Aerial Views

This photo was taken from above Fleet Lane.

Three of the aerial views on this page were taken in 1932. The first clearly shows the extensive Armitage stone quarry and the marl quarry where clay was dug for the two brick making kilns with the tall chimneys. The road in the foreground is Eshald Lane, previously known as Hesp Lane. To the right of the centre is a shed with four bays where grindstones were cut. On the horizon you can see Woodlesford church and to its left the tall chimney of Hulse’s factory, formerly Oddie’s paper mill. The stone under land behind the houses in New Woodlesford had largely been worked out by the 1930s and the area was used for allotments and piggeries before it was turned into a recreation ground with a football pitch and bowling green. (Photos courtesy Terry Elms.) 

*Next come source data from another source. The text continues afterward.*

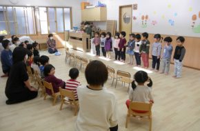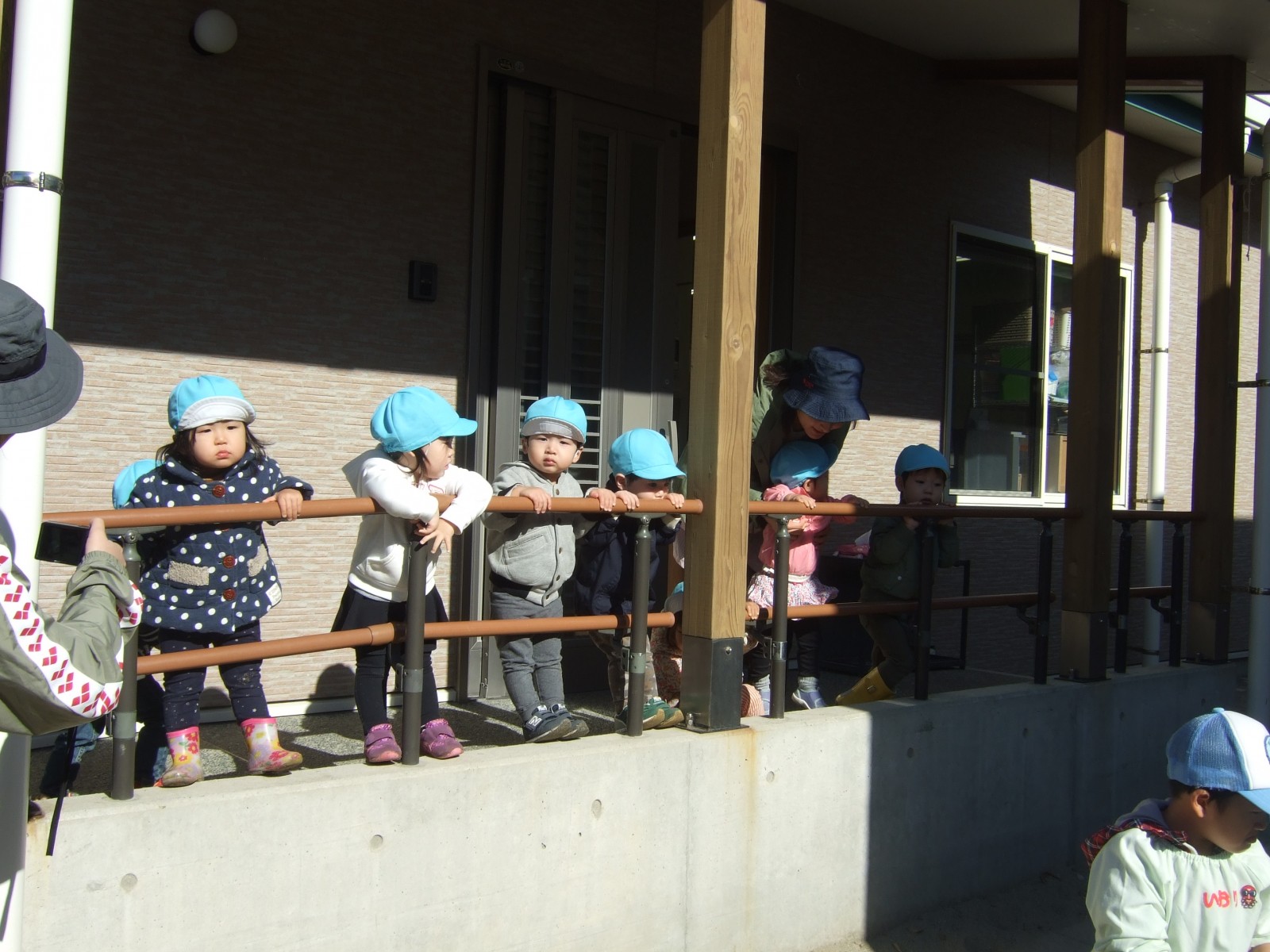 乳児部のお友達もちょっぴりみることが出来また、お部屋の窓からもみることが出来てにこにこ顔でした。
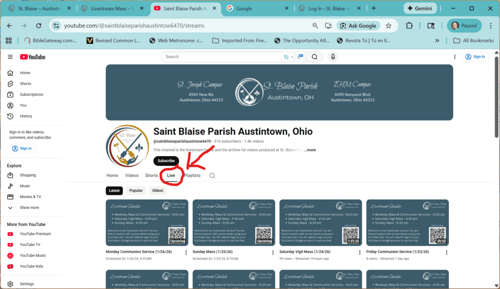 You can view our livestream on our YouTube page. Click Here to access our YouTube page. Usually 10-15 minutes before the start of a weekend Mass or 5 minutes before the start of a weekday Mass or communion service, you will see a red LIVE button on the video that is currently streaming. Click on that video to access the livestream. This image below has a red arrow showing exactly what menu item to click if you can’t find the video:
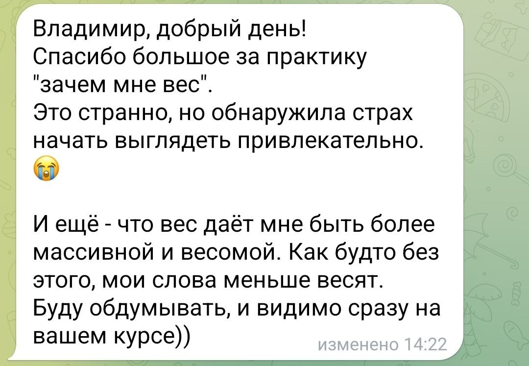 А по поводу весомости - была история ещё в книге: мальчик в неравной борьбе проиграл более крупному двоюродному брату пульт от телевизора. И подсознательно решил что нужно быть большим. Ситуация забылась. Прошло 30 лет, он ростом 2 метра и с лишними 50-60 кг. Но если попросить его представить себя в желаемом весе (например 110) - то внутри можно найти ощущение "я недостаточно защищён". В том числе такие "ошибки в прошивке" мы будем находить и убирать на курсе. Завтра повышение цен. Чтобы записаться - напишите кодовую фразу «Я худею» - вот сюда: t.me/+79853851188 Посмотреть 100+ отзывов: https://t.me/dernovclients Не потеряться: МАХ - https://max.ru/join/yS8yW45oWpkUhczVaGo_BYEnuVhAfXBuwX8d-kYE0Yw ВК - https://vk.ru/brain_firmware #гипноз #психосоматика #аллергия #аит #алопеция #дерматит #гипнотерапия #лишнийвес #рпп #похудение #пп #яхудею
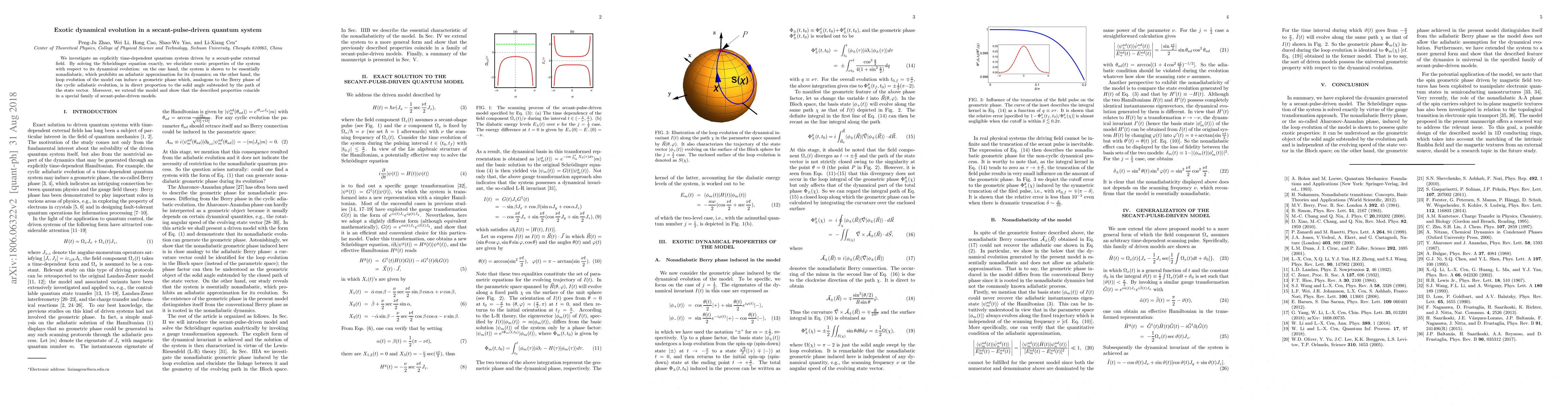 We investigate an explicitly time-dependent quantum system driven by a secant-pulse external field. By solving the Schr\"{o}dinger equation exactly, we elucidate exotic properties of the system with respect to its dynamical evolution: on the one hand, the system is shown to be essentially nonadiabatic, which prohibits an adiabatic approximation for its dynamics; on the other hand, the loop evolution of the model can induce a geometric phase which, analogous to the Berry phase of the cyclic adiabatic evolution, is in direct proportion to the solid angle subtended by the path of the state vector. Moreover, we extend the model and show that the described properties coincide in a special family of secant-pulse-driven models.
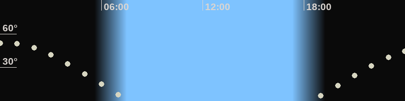 Höchster Stand (Kulmination)00:24 Uhr (h=52°)
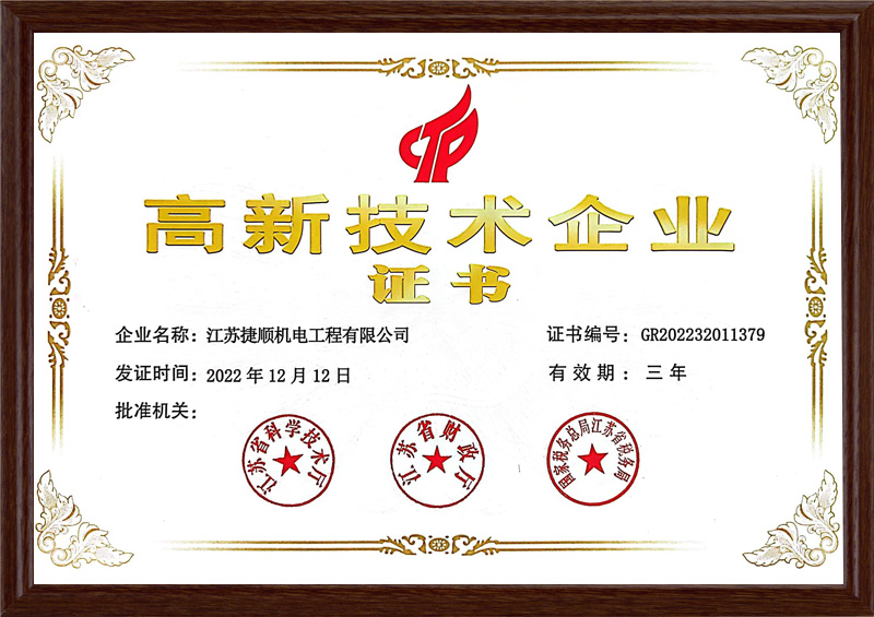 機(jī)電設(shè)備高新技術(shù)企業(yè)證書 |
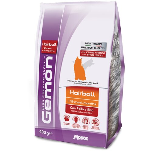 Сухой корм для взрослых кошек Gemon Cat Hairball, выведение шерсти, с курицей и рисом, 400 г
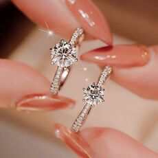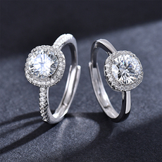 999纯银求婚戒指女一克拉钻戒婚戒结婚订婚婚礼仪式用女戒情侣戒
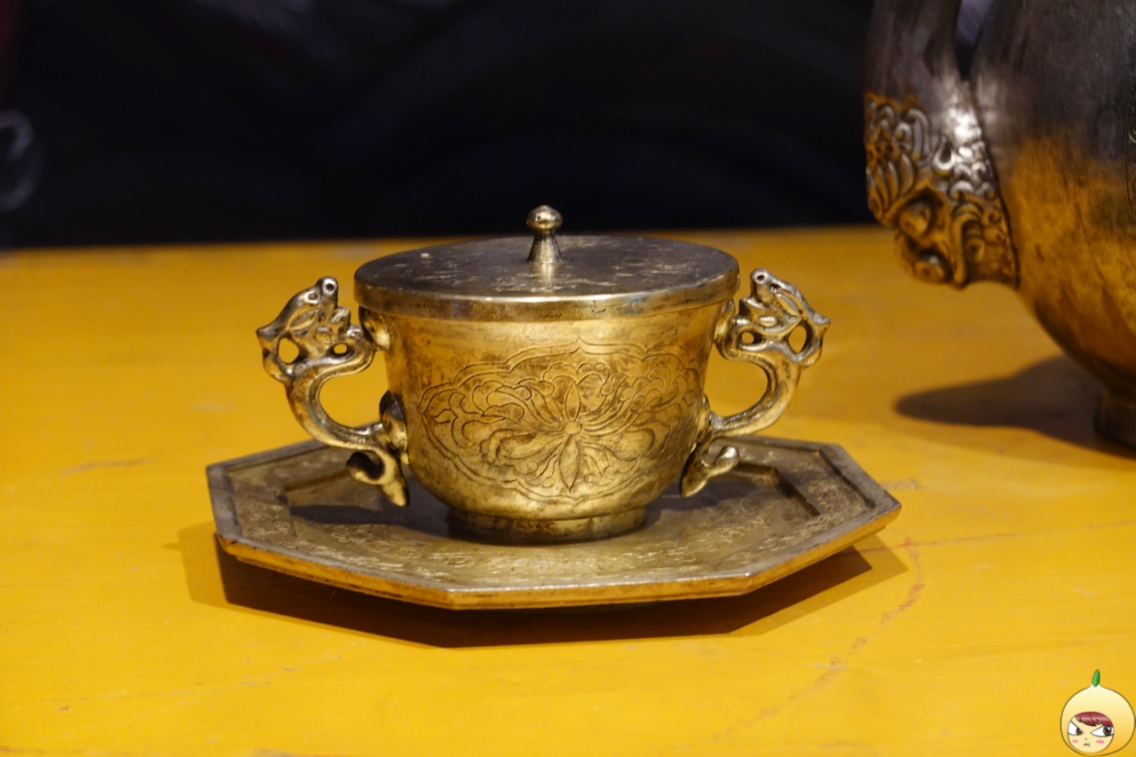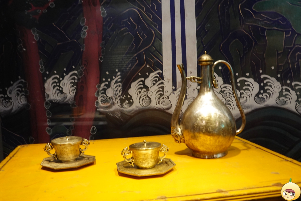 잔은 양쪽에 영지버섯 모양 손잡이가 있고, 팔각형 잔받침에는 8마리의 박쥐가 새겨져 있다. 줌으로 열심히 당겼지만, 박쥐 모양은 확인하지 못했다.

This photo was taken from roughly above the Old Masons pub. In the foreground is a garage with four petrol pumps on Aberford Road opened by Harry Brook in the 1920s. Behind the garage is an old quarry working filled with water, now the site of the Lidl supermarket. On the right of the picture is Fleet Lane. One of the buildings on the edge of the quarry housed Young and Doggett’s traction engines. The small building over the road from the garage was a shoe shop. In the distance behind the brick kilns Water Haigh colliery’s railway sidings are filled with empty coal wagons.
This view shows Fleet Lane in the foreground. In the distance is Bentley’s brewery with its water tower and chimney.
This view was taken in 2008 by Stephen Ward of the Rothwell Record. It clearly shows the railway and All Saint’s council estate which was built after the Second World War. Also between the railway and the Aire and Calder Navigation is the Maltings estate on the site of Bentley’s brewery. Toward’s the top of the picture the narrowest area between the canal and the railway was the site of a mine shaft dug in the 1870s.